**Problem requirements:** Would you copy the lines below exactly and omit the images?

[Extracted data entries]

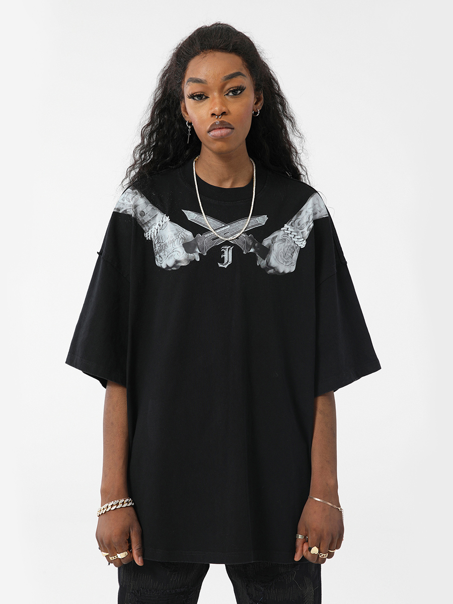 #Hip -hop double -knife printed high street American short -sleeved girl
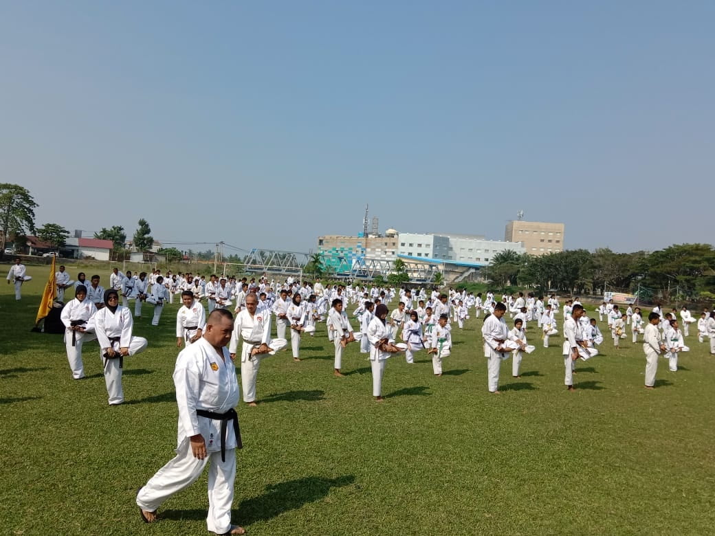 PADANG, METRO–Seribuan Karateka Dojo Lemkari se-Kota Padang dan Sabuk  Hitam Senior dibuat bercucuran keringat pada Latihan Gabungan (Latgab) Akhir Tahun 2023 di Lapangan Bola Belakang Kompi Yonif 133 Kelurahan Kampung Lapai Nanggalo, Minggu (17/12).
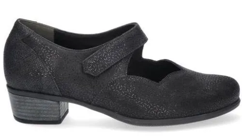 Bandschoen van Durea met een klittenband en een slanke neus in zwart leer op nubuck basis met een fantasieprint. Geschikt voor extra brede voeten en uw eigen steunzool op een K wijdte, op de leest 038 met een lage hak van 3 cm. De rand bij de wreef loopt gegolfd waardoor die minder snel zal snijden. De schoen heeft een TPU zool met polstering onder de voorvoet. ||Durea is een Nederlands fabricaat, met diverse leesten en wijdtematen. Het ontwerp en de afwerking geschiedt in Drunen. De productie vindt in het buitenland plaats, waar Durea eigen fabrieken bezit, onder toezicht van eigen mensen. Iedere schoen ondergaat ca 200 handelingen, Daar Durea alles in eigen beheer heeft kunnen zij hun hoge kwaliteit waarborgen
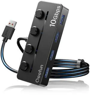 USB Hub, Multiport USB Splitter Adapter, 2 ft Long Cable USB 3.0 Hub, USB Extender for Laptop, PC, iMac, Surface Pro, MacBook, Mac Pro, Flash Drive, XPS, Mouse, HDD- Type: USB
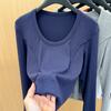 Simple Front Shoulder Long-sleeved T-shirt Women's Spring New Women's Clothing Slim-fit Round Neck T-shirt Fish Bone Waist Top
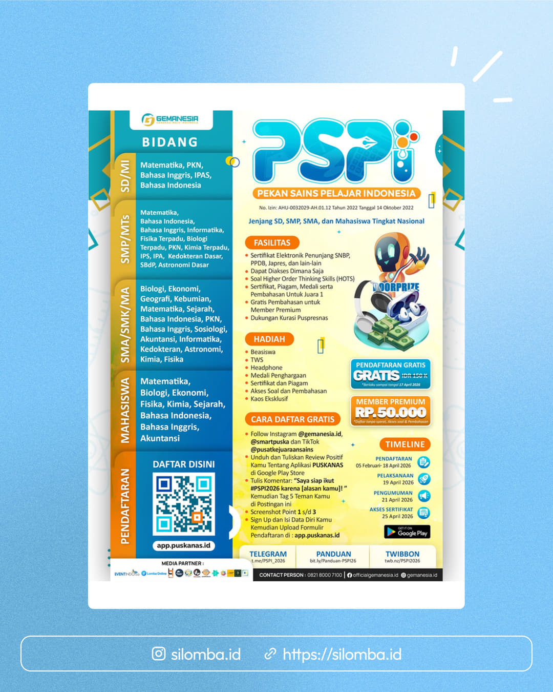 Follow Instagram @gemanesia.id & @smartpuska on TikTok @pusatkejuraansainsUnduh dan Tuliskan Review Positif Kamu Tentang Aplikasi PUSKANAS di Google Play StoreTulis Komentar: "Saya siap ikut #PSPI2026 karena [alasan kamu]!" di Postingan Tag 5 Teman Kamu di KemudianScreenshot Point 1,2,3Upload di Instagram Story Kamu dan Upload Formulir Pendaftaran
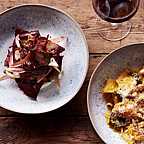 "Стейк" является воплощением спокойствия, доброжелательности, комфорта и великолепной атмосферы современного города. Шеф-повар создает сбалансированное меню на обед и ужин, в котором классика сочетается с современной вкусовой палитрой, включающей такие блюда, как вок и овощи на гриле.
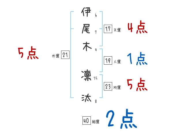 外運![]() | 伊尾木凛汰さんの外運は21画の5つ星!統率力がある。独立し成功する。名誉を手に入れる。 生活面を象徴する運勢です。外部から受ける影響力を表し、結婚運、家庭運や職場、環境への順応性を表します。 |
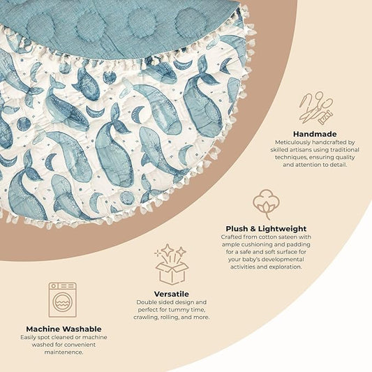 Crane Baby Activity Mat, Baby Play Mat Whale Print, Ocean Nursery Decor for Boys & Girls, Infant Tummy Time Floor, Ocean Nursery Decor, 40" x 40"
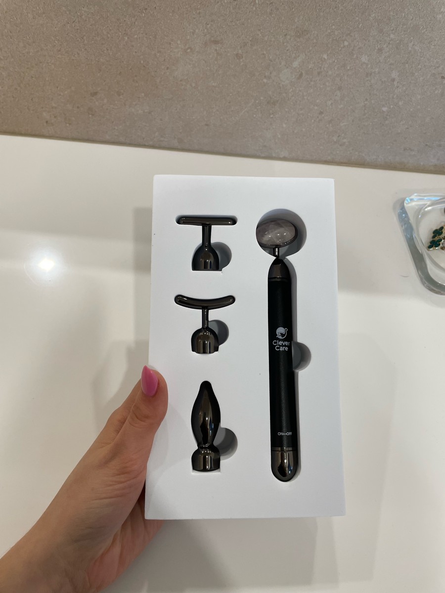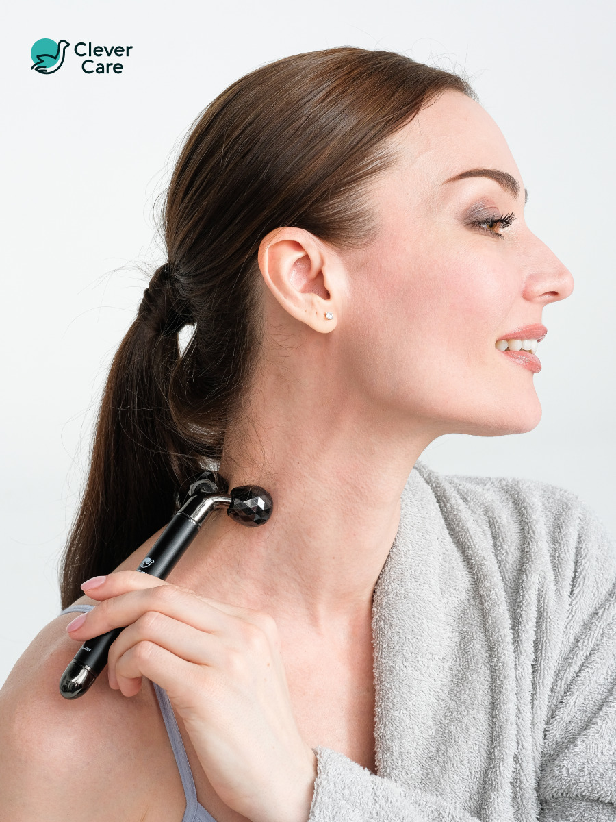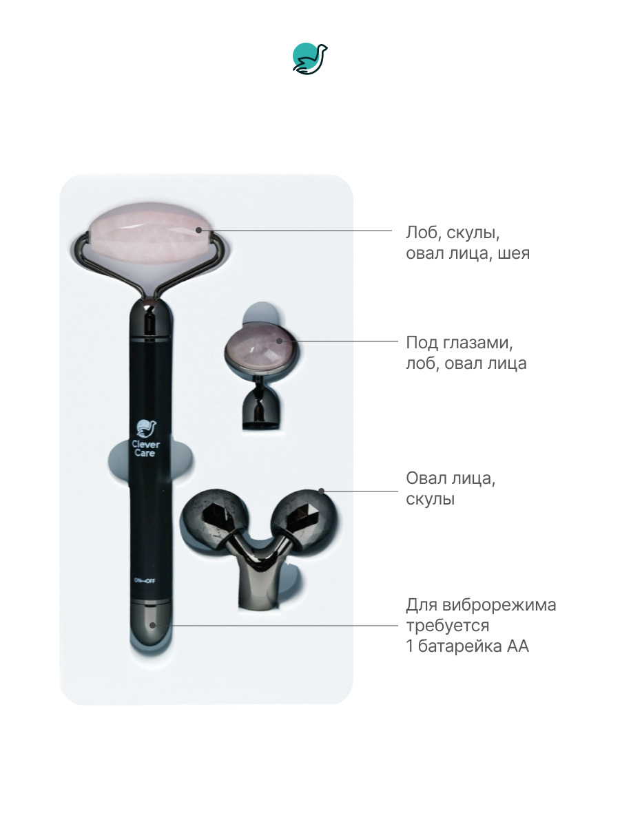 Роллер CleverCare в наборе с 3 сменными насадками, роллер из кварца, роллер для лица, вибро-роллер
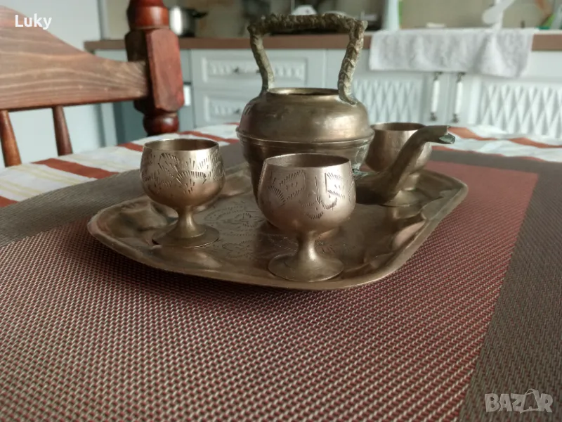 Прекрасно антикварно предложение. Пълен комплект за греена ракия... Ръчна изработка. -Материал-мед, бронз.
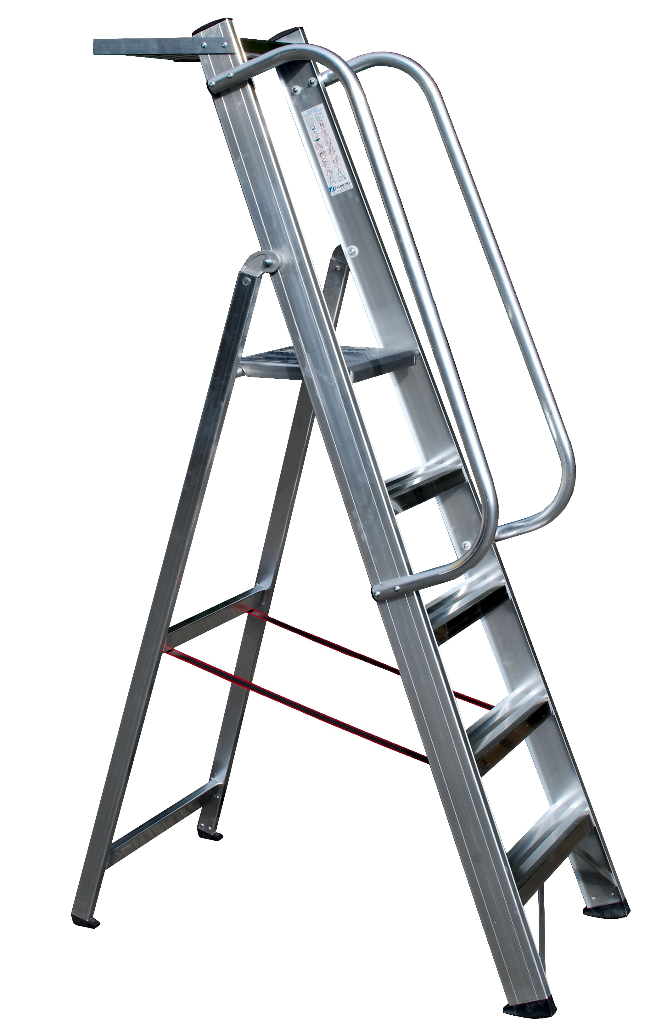 FRIGERIO CARPENTERIE - Scala cavalcabile professionale con piattaforma, parapetto, vaschetta e accessori inclusi.
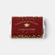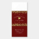 This modern design features a graduation hat and confetti in gold on a background of maroon with white text.
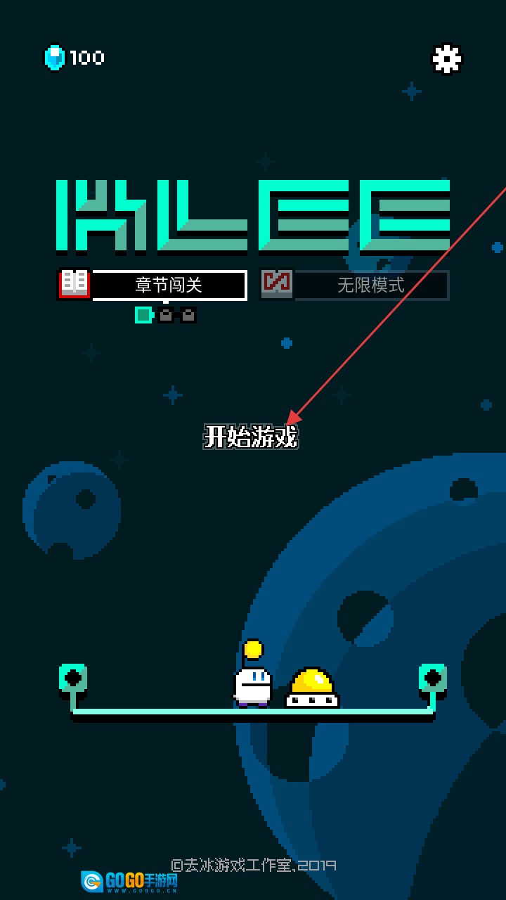 1. 在主界面中,选择“章节闯关”或者“无限模式”,接着点击“开始游戏”,随后操控角色进入太空场景。
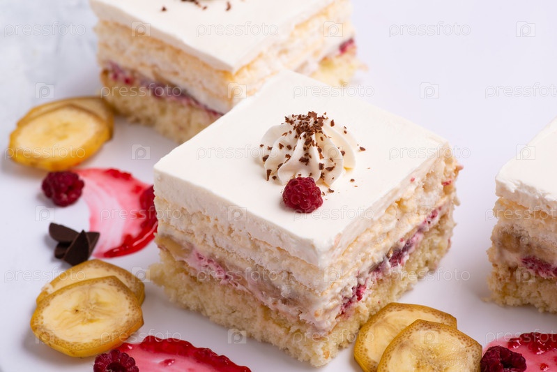 Порция вкусных кусочков фруктового ванильного торта на белой тарелке
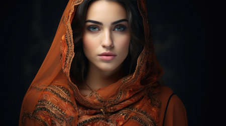 Studio shot of a young charming woman wearing the terracotta hijab decorated with sequins and jewelry. Arabic style.
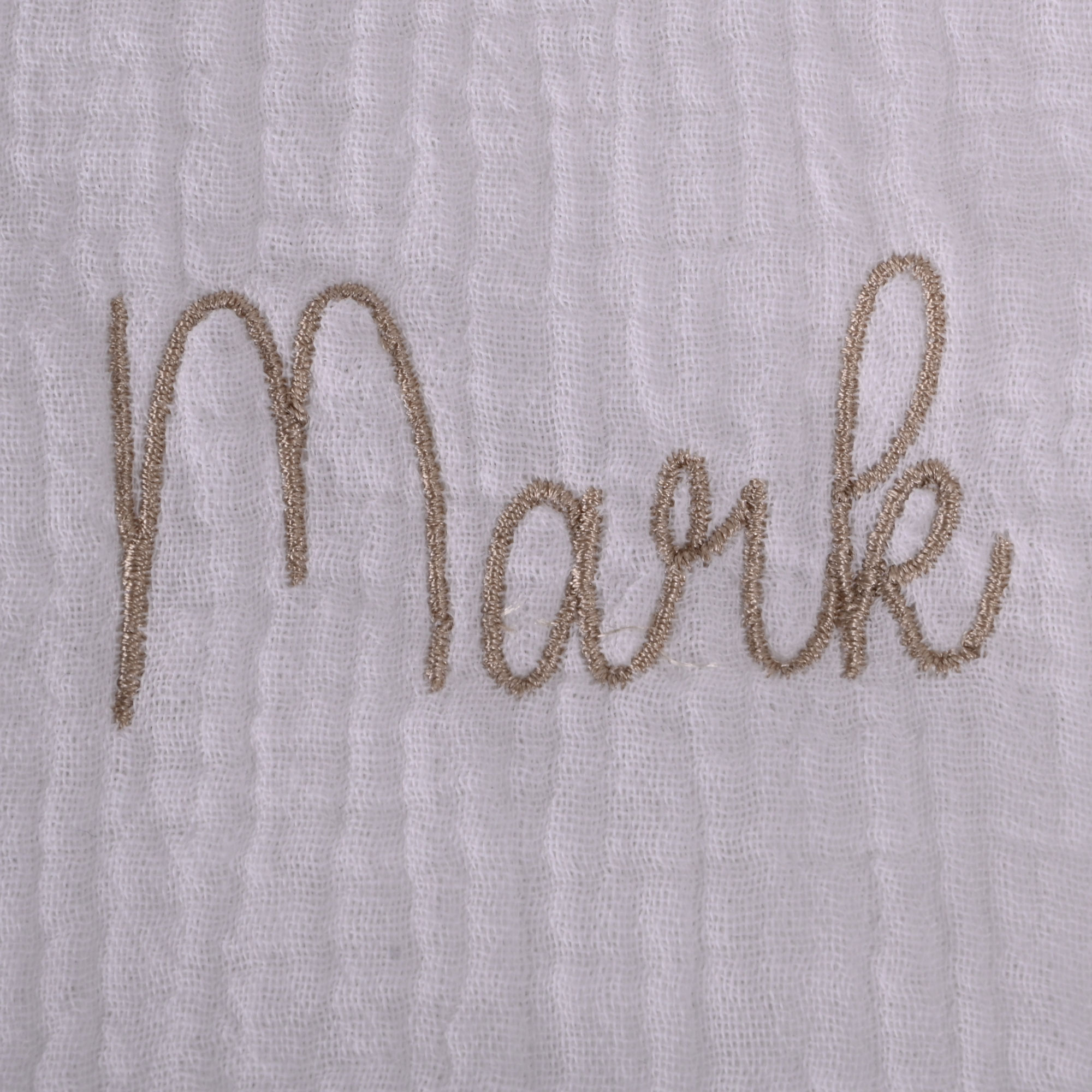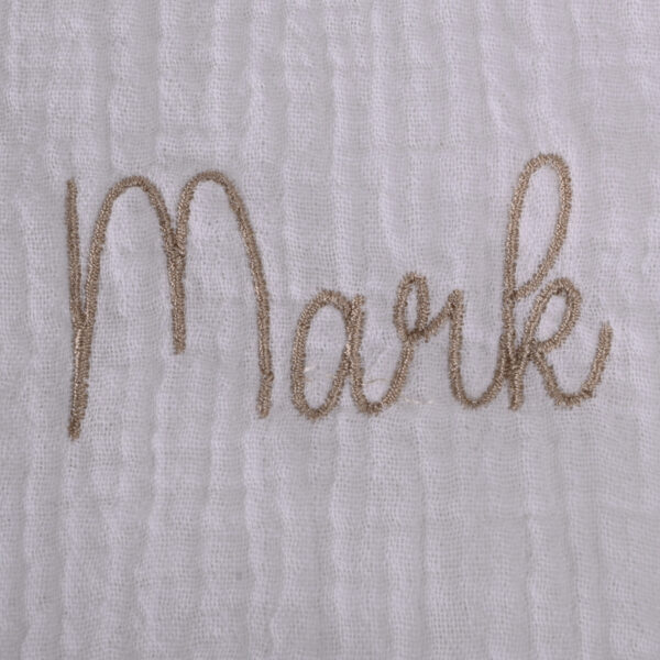 Posebno noto darilu doda tudi vezenje imena, ki ga dodamo pred zaključno izdelavi in posebna čestitka, v katero lahko napišete svoje posvetilo ali lepo željo ob rojstvu otroka.

**Task output:**
 #Hip -hop double -knife printed high street American short -sleeved girl
 PADANG, METRO–Seribuan Karateka Dojo Lemkari se-Kota Padang dan Sabuk  Hitam Senior dibuat bercucuran keringat pada Latihan Gabungan (Latgab) Akhir Tahun 2023 di Lapangan Bola Belakang Kompi Yonif 133 Kelurahan Kampung Lapai Nanggalo, Minggu (17/12).
 Bandschoen van Durea met een klittenband en een slanke neus in zwart leer op nubuck basis met een fantasieprint. Geschikt voor extra brede voeten en uw eigen steunzool op een K wijdte, op de leest 038 met een lage hak van 3 cm. De rand bij de wreef loopt gegolfd waardoor die minder snel zal snijden. De schoen heeft een TPU zool met polstering onder de voorvoet. ||Durea is een Nederlands fabricaat, met diverse leesten en wijdtematen. Het ontwerp en de afwerking geschiedt in Drunen. De productie vindt in het buitenland plaats, waar Durea eigen fabrieken bezit, onder toezicht van eigen mensen. Iedere schoen ondergaat ca 200 handelingen, Daar Durea alles in eigen beheer heeft kunnen zij hun hoge kwaliteit waarborgen
 USB Hub, Multiport USB Splitter Adapter, 2 ft Long Cable USB 3.0 Hub, USB Extender for Laptop, PC, iMac, Surface Pro, MacBook, Mac Pro, Flash Drive, XPS, Mouse, HDD- Type: USB
 Simple Front Shoulder Long-sleeved T-shirt Women's Spring New Women's Clothing Slim-fit Round Neck T-shirt Fish Bone Waist Top
 Follow Instagram @gemanesia.id & @smartpuska on TikTok @pusatkejuraansainsUnduh dan Tuliskan Review Positif Kamu Tentang Aplikasi PUSKANAS di Google Play StoreTulis Komentar: "Saya siap ikut #PSPI2026 karena [alasan kamu]!" di Postingan Tag 5 Teman Kamu di KemudianScreenshot Point 1,2,3Upload di Instagram Story Kamu dan Upload Formulir Pendaftaran
 "Стейк" является воплощением спокойствия, доброжелательности, комфорта и великолепной атмосферы современного города. Шеф-повар создает сбалансированное меню на обед и ужин, в котором классика сочетается с современной вкусовой палитрой, включающей такие блюда, как вок и овощи на гриле.
 外運![]() | 伊尾木凛汰さんの外運は21画の5つ星!統率力がある。独立し成功する。名誉を手に入れる。 生活面を象徴する運勢です。外部から受ける影響力を表し、結婚運、家庭運や職場、環境への順応性を表します。 |
 Crane Baby Activity Mat, Baby Play Mat Whale Print, Ocean Nursery Decor for Boys & Girls, Infant Tummy Time Floor, Ocean Nursery Decor, 40" x 40"
 Роллер CleverCare в наборе с 3 сменными насадками, роллер из кварца, роллер для лица, вибро-роллер
 Прекрасно антикварно предложение. Пълен комплект за греена ракия... Ръчна изработка. -Материал-мед, бронз.
 FRIGERIO CARPENTERIE - Scala cavalcabile professionale con piattaforma, parapetto, vaschetta e accessori inclusi.
 This modern design features a graduation hat and confetti in gold on a background of maroon with white text.
 1. 在主界面中,选择“章节闯关”或者“无限模式”,接着点击“开始游戏”,随后操控角色进入太空场景。
 Порция вкусных кусочков фруктового ванильного торта на белой тарелке
 Studio shot of a young charming woman wearing the terracotta hijab decorated with sequins and jewelry. Arabic style.
 Posebno noto darilu doda tudi vezenje imena, ki ga dodamo pred zaključno izdelavi in posebna čestitka, v katero lahko napišete svoje posvetilo ali lepo željo ob rojstvu otroka.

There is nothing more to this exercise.